On 17 September 2011, the filming of a skit for the second season caused a large-scale security scare at Auckland Airport. An actor dressed as a pilot tried to access airside at the domestic terminal though one of the gates, saying he left his security pass on the plane. Six people, including Ben Boyce, were subsequently arrested for breaching the Civil Aviation Act.

==Reception==
TV reviewer Chris Philpott of stuff.co.nz said "there's a lot to like about the show" and it "benefits from the comedy style of related show Pulp Sport". He also complimented "Ben's fearless interviewing". Some week's later he also said Wanna-Ben was part of the "best night of TV" on any channel. Chris Philpott said of Series 2 that WANNA-BEn "is much more refined than the first season, much funnier overall and not settling for the easy joke"

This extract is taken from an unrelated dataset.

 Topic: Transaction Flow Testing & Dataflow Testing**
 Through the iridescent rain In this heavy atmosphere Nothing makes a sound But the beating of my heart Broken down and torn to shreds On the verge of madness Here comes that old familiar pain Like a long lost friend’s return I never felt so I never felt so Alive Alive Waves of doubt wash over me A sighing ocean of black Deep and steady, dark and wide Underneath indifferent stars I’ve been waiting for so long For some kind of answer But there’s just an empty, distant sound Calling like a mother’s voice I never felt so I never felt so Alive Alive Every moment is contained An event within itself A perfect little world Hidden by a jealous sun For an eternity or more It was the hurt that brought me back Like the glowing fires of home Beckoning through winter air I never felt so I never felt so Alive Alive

TV reviewer Paul Casserly of nzherald.co.nz said during series 2 that the show was "one of the fastest-paced shows in the history of New Zealand TV". He also stated "when he's not being arrested for trying to breach airport security, Ben rounds up celebrities for some jolly japes. Much of it is puerile, which makes it perfect for this timeslot"

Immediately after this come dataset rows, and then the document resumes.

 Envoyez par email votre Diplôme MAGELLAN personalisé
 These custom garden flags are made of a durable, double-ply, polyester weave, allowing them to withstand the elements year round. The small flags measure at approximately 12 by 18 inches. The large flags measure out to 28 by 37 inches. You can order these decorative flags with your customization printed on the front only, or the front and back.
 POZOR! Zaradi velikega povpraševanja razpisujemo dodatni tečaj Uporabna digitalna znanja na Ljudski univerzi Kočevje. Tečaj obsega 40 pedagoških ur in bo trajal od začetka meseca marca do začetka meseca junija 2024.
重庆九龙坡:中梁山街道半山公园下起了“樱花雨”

Wanna-Ben was nominated for Best Comedy in the 2011 TV Guide Best on the Box Awards.

==Episodes==
===Series 1 (2010)===

| No. overall | No. in series | Title | Original release date |
| 1 | 1 | "Pop Star" | 8 October 2010 |
Starring Spice Girl Mel B (aka Scary Spice) and pop singer-songwriter Ke$ha.
| 2 | 2 | "Movie Star" | 15 October 2010 |
Starring action movie star Steven Seagal.
| 3 | 3 | "Model" | 22 October 2010 |
Starring Playboy Playmates and reality TV stars Holly Madison & Karissa Shannon.
| 4 | 4 | "Hip Hop Star:" | 29 October 2010 |
Starring hip hop superstars Flava Flav and Vanilla Ice.
| 5 | 5 | "Sport Star:" | 5 November 2010 |
Starring professional skateboarder Tony Hawk.
| 6 | 6 | "Rock Star" | 12 November 2010 |
Starring rock legend Alice Cooper, Bon Jovi's Richie Sambora and Hanson.
| 7 | 7 | "Comedian" | 19 November 2010 |
Starring comedians Wayne Brady, Carrot Top and Penn & Teller.
| 8 | 8 | "Retro Star" | 3 December 2010 |
Starring the original Incredible Hulk Lou Ferrigno and The Dukes of Hazzard star Tom Wopat.
| 9 | 9 | "Businessman" | 10 December 2010 |
Starring Hustler porn king Larry Flynt.
| 10 | 10 | "TV Star" | 17 December 2010 |
Starring TV sitcom star of The Nanny, Fran Drescher.

===Specials (2011)===

| No. overall | No. in series | Title | Original release date |
| 11 | 1 | "Rugby Special" | 24 September 2011 |
Starring All Black captain Richie McCaw. Was the lead-in programme to TV3's coverage of the 2011 Rugby World Cup pool match between New Zealand and France.
| 12 | 2 | "Politician" | 25 November 2011 |
Starring Labour leader Phil Goff, New Zealand First leader Winston Peters, and Mana leader Hone Harawira.^{[citation needed]} The episode was screened on the evening preceding polling day for the 2011 New Zealand general election.

===Series 2 (2012)===

| No. overall | No. in series | Title | Original release date |
| 13 | 1 | "Kendra and The Fonz" | 17 February 2012 |
Starring "The Fonz" Henry Winkler and Playboy Playmate Kendra Wilkinson.
| 14 | 2 | "Bret Michaels and Taboo" | 24 February 2012 |
Starring Bret Michaels and Taboo from the Black Eyed Peas.
| 15 | 3 | "Jerry Springer and Erin Brocovich" | 2 March 2012 |
Starring talk show host Jerry Springer and the real Erin Brockovich.
| 16 | 4 | "Child Stars" | 9 March 2012 |
Starring Steve Urkel, Stephanie from Full House and the Jonathan Lipnicki from Jerry Maguire.
| 17 | 5 | "Hulk Hogan and George Foreman" | 16 March 2012 |
Starring wrestler Hulk Hogan and boxing legend George Foreman.
| 18 | 6 | "Weird Al and Gary Busey" | 23 March 2012 |
Starring comedic/parody songwriter Weird Al Yankovic and actor/crazy person Gary Busey.